I wonder what my cardiograph looks like when he’s taking strike. Those who get a chance to watch him with me being in the same room, can figure out three different forms of me in the post-hitting moments 1) a girl admiring and being awed by the alacritous runner between the wickets; 2) a wacko caterwauling “Oh, boy!” at the top of her lungs with both hands up in the air, if the ball crosses the ropes; 3) and, a leaviathan springing, throwing expletives at the air if the ball takes one beautiful flight and kisses the sky.

You might be charmed to see a MJ moonwalk, or a Madhuri Dixit dance straight from  the 90s. I will be beguiled to see a MS Dhoni sideways dive. Or for that matter, even a flash of his pearly whites.
Having talked of MSD’s antics, I am so cajoled and can’t stonewall the fire in belly to talk about Champions Trophy as well.


Putting the dumb in a dumbfounding decision, when it was dreaded that in the battle of common sense vs. ICC, common sense might just retire hurt, fortunately, cricket overshadowed the stupidity.



Yes, Shikhar Dhawan played well, Virat Kohli batted elegantly, Jadeja came a long way, from internet jokes to the golden ball, and Ashwin bowled as if he never really left home; but among all these spine-tingling performances, MS Dhoni’s was heart-stirring like none other’s. How tiring it should be to scrunch balls, keep wickets and simultaneously, make strategies for eleven people? But Mahendra Singh Dhoni, like a warrior, never halts in the battle.



Stupefied by the IPL spot-fixing opprobrium, and being the Captain of the contamintaed Chennai Super Kings, Dhoni obviously was daubed in moot colors.
Not being flustured by all this, perfecting his troops, when Mahendra Singh Dhoni went on to collect the elusive trophy, making the emotional, the realist as well as the suave India bleed blue, even the cynics felt the goosebumps.

History repeats itself. And there’s one more evidence to this statement.
Much similar to what he did in the T20 WC, foiling the codes of sanity when MSD handed over the ball to the tall skate in the 18th over, someone just stood up and yelled, “Ye to apni captaincy se hath dho baitha!!”
And after the 18th over was bowled, Sharma could have quite befittingly borrowed the lines from Walt Whitman and sang to MSD:
O Captain! My Captain! our fearful trip is done;
The ship has weather’d every rack, the prize we sought is won;
The port is near, the bells I hear, the people all exulting.

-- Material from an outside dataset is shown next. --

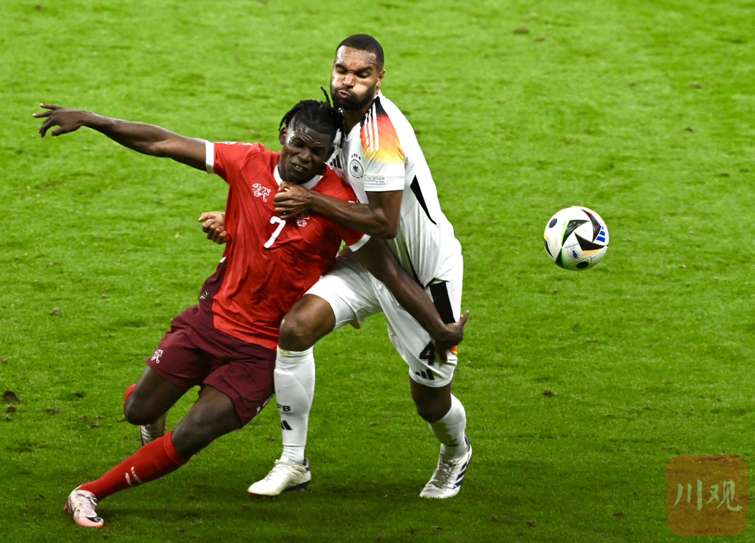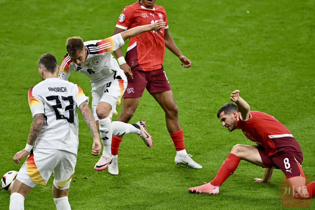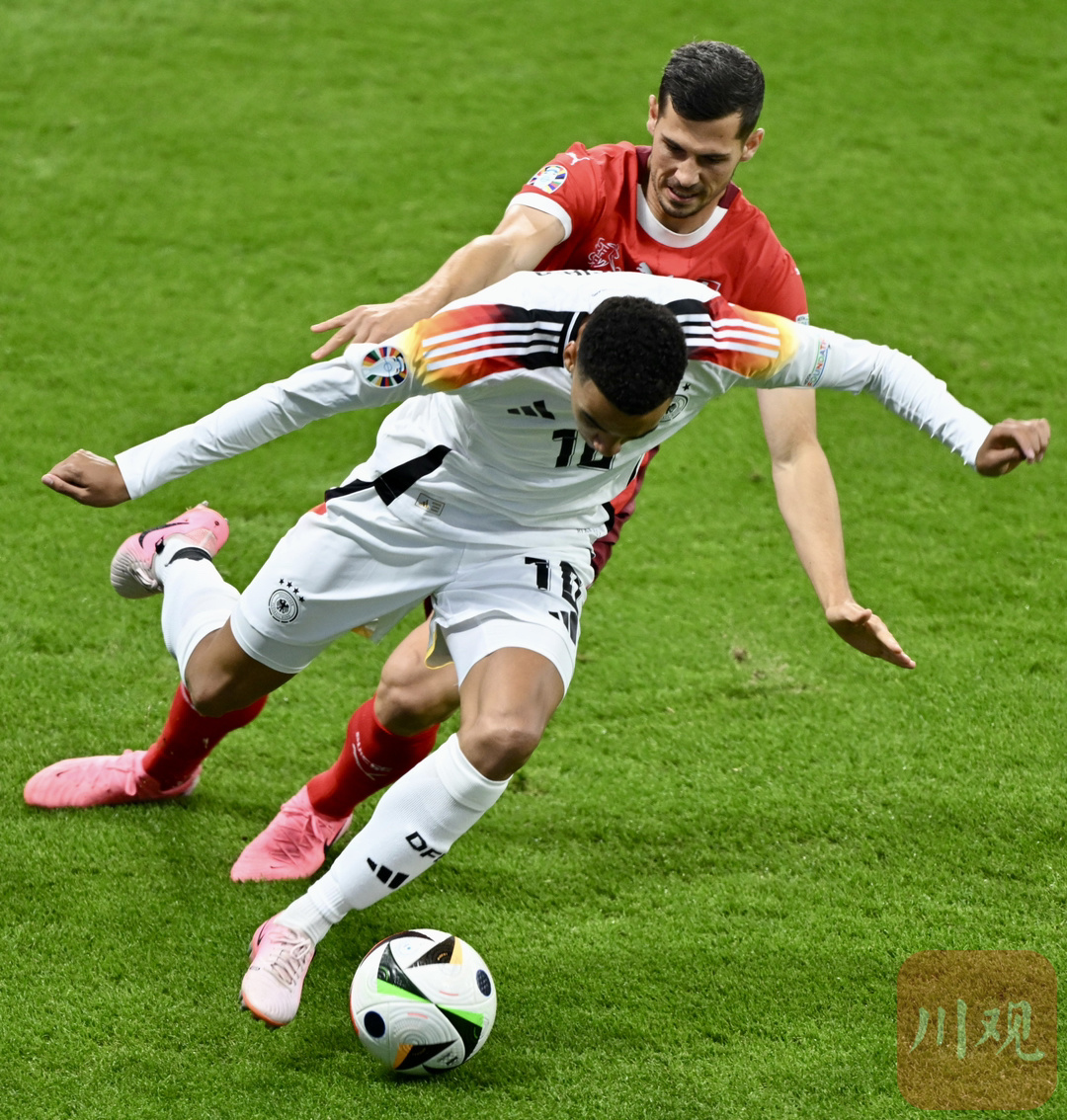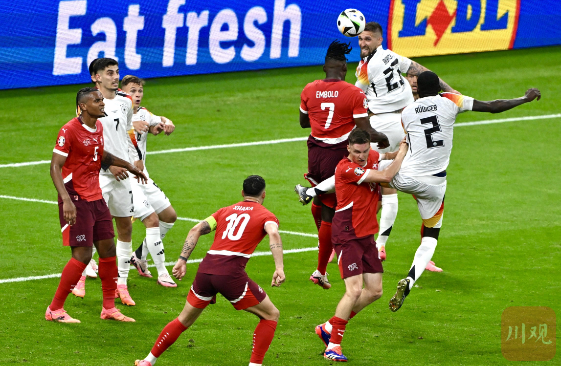 北京时间6月24日凌晨3点,2024欧洲杯A组小组赛第三轮,东道主德国在法兰克福与瑞士交手。上半场德国队安德里希抽射破门,但因队友穆西亚拉犯规在先被吹无效,瑞士队弗鲁勒助攻恩多耶破门,半场瑞士1-0领先德国。下半场瑞士队巴尔加斯进球越位被吹,哈弗茨头球击中横梁。补时阶段德国队菲尔克鲁格头球破门,德国1-1逼平瑞士,2胜1平积7分小组第一出线,瑞士1胜2平积5分小组第二同样晋级。
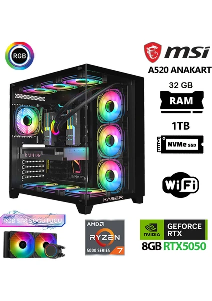 Xaser Delux X07 Ryzen 7 5700X 32GB Ram 1TB M.2 NVMe SSD 8GB RTX5050 Sıvı Soğutmalı Oyuncu Bilgisayarı

On a wet Sunday night at Edgbaston, Captain Cool, ‘weather’d every rack’ to accomplish the ultimate feat that no international captain had even dreamed of. For a man who started out as a ticket-collector at Kharagpur railway station, Captain MS Dhoni is now a trophy collector, a world-beater.
And as Simon Hughes had it, this Indian pride can well be an early candidate for the sportsman of the 21st century.

Our polar friends keep giving a cue of how difficult transition could be. Australia, having lost the services of the galacticos- Glenn McGrath, Shane Warne, Ricky Ponting, Michael Hussey, find themselves at a crossroad. New Zealand hasn’t dug out an escape route either.

And if you still haven’t got an answer as to why I love MS Dhoni then I might just say that when he sings “tere mast mast do nain” for Bin Laden in a sports award function, and burlesques Kohli and Tiwary, and dances to the tunes of nakkamukaa, my heart peppers, I can no longer walk, and all the love quotes that were ever made (even the lamest of the lamest) start making perfect sense to me.


P.S. I couldn’t wait for 7th July to come, ‘cause when it comes to you, you are just irresistible like that.